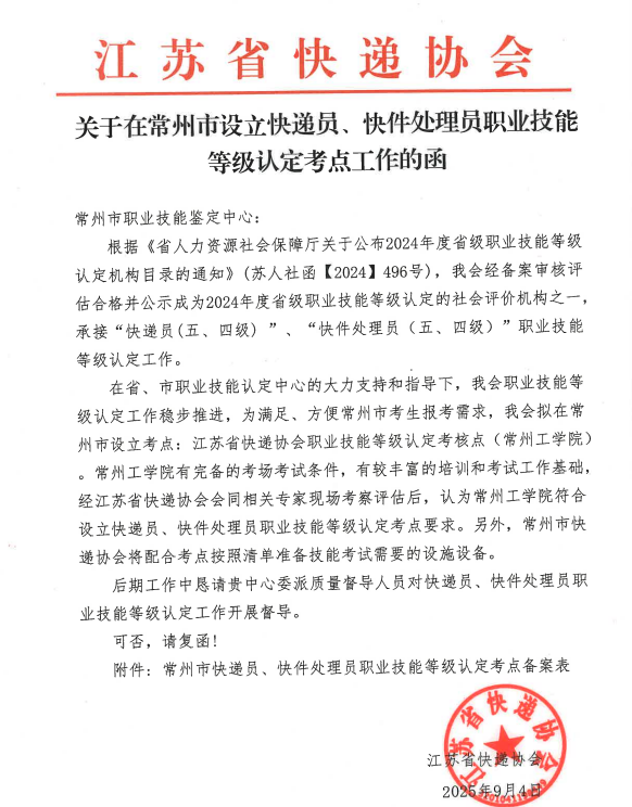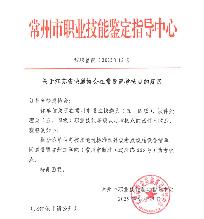 近日,常州市职业技能鉴定指导中心正式复函江苏省快递协会,同意在我校设立职业技能等级认定考核点。这一资质的获批,标志着我校正式成为江苏省物流快递行业高技能人才的重要评价基地,是学校深化产教融合、服务地方行业发展的又一举措。
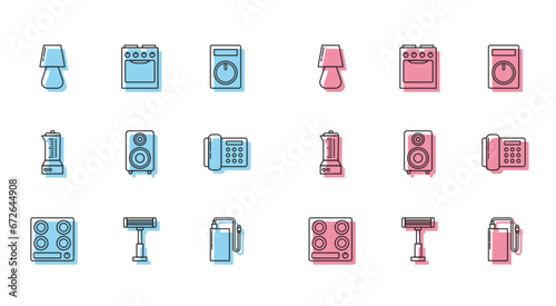 Set line Gas stove, Electric heater, Table lamp, Power bank with different charge cable, Stereo speaker, Telephone, Blender and Oven icon. Vector
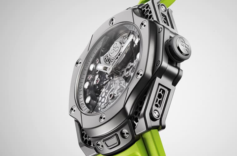 手錶這次依舊採用鈦金屬材質,錶殼44mm相當大器顯眼,宇舶採用鉛灰色微珠噴砂處理,賦予錶殼、錶圈和錶扣俐落且不易突顯刮痕或指紋的外型,相較於上一款Big Bang Tourbillion Samuel Ross採用橘色橡膠包覆錶殼與錶冠,宇舶這次「僅」在錶冠附上灰色橡膠材質呼應鈦金屬的加工修飾。不使用橡膠包覆錶殼之後,Big Bang Samuel Ross極光綠陀飛輪的鏤空蜂巢狀設計因而能夠看得更清楚,品牌在製作過程中需經過拋光、磨砂、錘擊和穿孔等工序,才能形成最終手錶呈現的奇特造型,既有點像透明錶殼擁有開放視野,卻也保留金屬錶殼一部分的隱蔽性,若隱若現的設計有助於彰顯機芯的立體層次構造,讓佩戴者閱讀時間同時也能感受機械錶的精密與嚴謹。
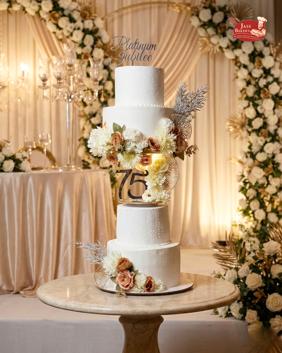 A luxurious multi-tiered platinum jubilee cake crafted in a timeless ivory finish, highlighted with delicate floral arrangements in soft peach, cream, and gold accents. The elegant floating “75” centerpiece and refined textures create a graceful, celebratory statement—perfect for honoring a milestone anniversary with sophistication and charm.
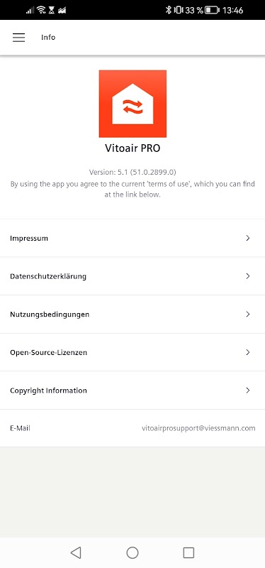 Vitoair PRO is used for commissioning and parameterizing Viessmann Vitoair PRO devices such as the Vitoair FS PRO, VitoAir CS PRO and Vitoair CT PRO series. After commissioning, the Vitoair PRO app can be used to create and read back backups of the system configuration. A commissioning protocol can also be created and exported. It supports the reading of electrical and communication errors.
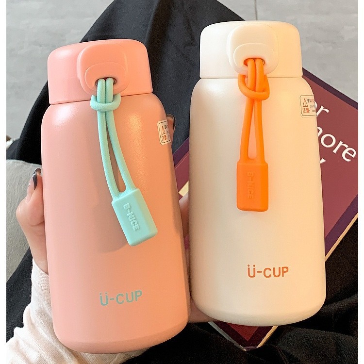 新款艾可思仲圆保温杯时尚简约带提绳大肚杯户外便携小巧可爱水杯
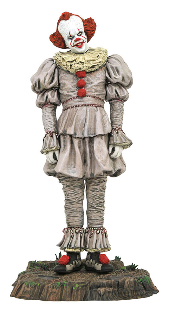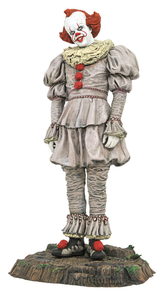 A Diamond Select Toys release! Pennywise is back, and he’s creepier than ever! The star of It Chapter 2, Pennywise the Dancing Clown, lurks in the swamp in this all-new Gallery Diorama. Tilting his head to one side as if sizing you up for a meal, this sculpture is made of high-quality PVC and features detailed sculpting and paint applications. Packaged in a full-color window box. Designed by Caesar, sculpted by Rocco Tartamella. (Item #JAN202457, SRP: $49.99)
—————
### WORK INSTRUCTION
With all pictures removed, reproduce the lines from the top of the entries above through the line containing "Set line Gas", exactly as written.

### THE ANSWER
 近日,常州市职业技能鉴定指导中心正式复函江苏省快递协会,同意在我校设立职业技能等级认定考核点。这一资质的获批,标志着我校正式成为江苏省物流快递行业高技能人才的重要评价基地,是学校深化产教融合、服务地方行业发展的又一举措。
 Set line Gas stove, Electric heater, Table lamp, Power bank with different charge cable, Stereo speaker, Telephone, Blender and Oven icon. Vector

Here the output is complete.